Debido a su ubicación sobre el Cinturón de Fuego del Pacífico, Chile es considerado, junto con Japón, como uno de los países más activos sísmicamente en todo el mundo. Los terremotos y erupciones volcánicas son, por tanto, un ingrediente autóctono de la historia chilena. Entre estos eventos, uno de los más importantes fue el terremoto de 1822.

En dicho 1822, hubo un intenso terremoto en Copiapó. Sin embargo, al ubicarse este asentamiento casi en el borde de lo que en ese tiempo se llamaba el «Despoblado de Atacama», tuvo pocos efectos sociales. Un par de semanas después, vino otro aún mayor, y éste sí que se ubicó más próximo a la Zona Central. El 19 de Noviembre de 1822, en Valparaíso, hubo un día extraño, con gran marejada, pero sin viento. A las diez de la noche surgió un enorme ruido de la tierra, y ésta se movió. Este primer movimiento fue suave, y muchos pudieron salir de sus casas y ponerse a salvo, y esto en buena hora, porque vino un segundo movimiento, y con éste se desplomaron de golpe todas las iglesias de Valparaíso. El cronista Longueville Vowell (citado por Leopoldo Castedo) escribe: «El ruido que acompañó al temblor fue espantoso. En vez del ruido normal de los temblores, semejaba descarga de truenos subterráneos, o el de torrentes que arrastran piedras de gran tamaño. Parecía que gruesas capas de granito se removían en las entrañas de los cerros». El terremoto duró tres minutos, y en ellos el mar se retiró y regresó tres veces, con olas de hasta cuatro metros. Los escasos muros que resistieron, se desplomaron durante la noche siguiente, en medio de las 36 réplicas posteriores registradas.
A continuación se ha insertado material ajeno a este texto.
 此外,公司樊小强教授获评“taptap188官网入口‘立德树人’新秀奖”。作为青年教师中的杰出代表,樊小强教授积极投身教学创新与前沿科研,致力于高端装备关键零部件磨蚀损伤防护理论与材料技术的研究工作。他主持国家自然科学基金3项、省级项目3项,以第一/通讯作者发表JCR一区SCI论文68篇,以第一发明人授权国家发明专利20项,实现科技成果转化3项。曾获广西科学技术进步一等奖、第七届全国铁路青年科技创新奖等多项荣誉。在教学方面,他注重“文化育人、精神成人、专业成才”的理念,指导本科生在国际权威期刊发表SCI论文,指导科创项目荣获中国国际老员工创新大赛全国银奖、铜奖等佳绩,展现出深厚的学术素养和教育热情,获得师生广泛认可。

Por otra parte, en Quintero, el terremoto fue acompañado de una marejada que inutilizó al puerto durante una buena cantidad de años.

Los rateros emprendieron el saqueo, pero después, buscando en los escombros, encontraron a muchos de ellos «aplastados por las murallas con los objetos robados en la mano» (escribe Leopoldo Castedo).
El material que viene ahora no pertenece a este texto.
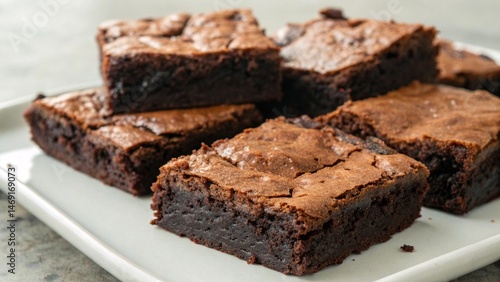 Rich Stack of Chocolate Brownies with Cracked Tops and Dense Fudgy Texture

Pero lo que terminó de crear espanto, fue el paso de un meteoro o estrella fugaz. La desesperación popular llevó a la gente a volcarse en la religión, a despecho de la evidencia de que las iglesias estaban tan en el suelo como las casas particulares. Salieron predicadores y religiosos a gritar que el terremoto había sido un castigo del cielo. Una monja «confesó» haber recibido una revelación, y predijo el fin del mundo para las once de la mañana del día siguiente. Los sacerdotes no perdieron tiempo en hacer propaganda contra el gobierno de Bernardo O’Higgins, reconocido masón que por aquellos años llevaba a cabo reformas profundamente lesivas para la Iglesia Católica, como por ejemplo la creación de un Cementerio General alternativo a los cementerios católicos. Por cierto, O’Higgins apenas salvó con vida, porque esa noche dormitaba justamente en el Palacio de Gobierno de Valparaíso, y tuvo que ser sacado casi a la rastra al tiempo que el edificio entero se desplomaba. Quizás, la renuncia de O’Higgins en Enero de 1823 fue acelerada por el ánimo popular predispuesto en su contra por la excitación que los religiosos hacían de las supersticiones de la gente. En forma paralela, dos frailes, don Camilo Henríquez (el de «La aurora de Chile», el primer diario de Chile) y el dominico Tadeo Silva, se enfrentaron en un ácido debate a través de la prensa, ya que el primero trataba de contrarrestar el exceso de fervor popular con algunas ideas ilustradas, mientras que el otro defendió las ideas del Catolicismo más fanático, y llegó a acusar a Henríquez de impiedad por darle lugar a las ideas «modernas» y «científicas» de esos sucios revolucionarios franceses…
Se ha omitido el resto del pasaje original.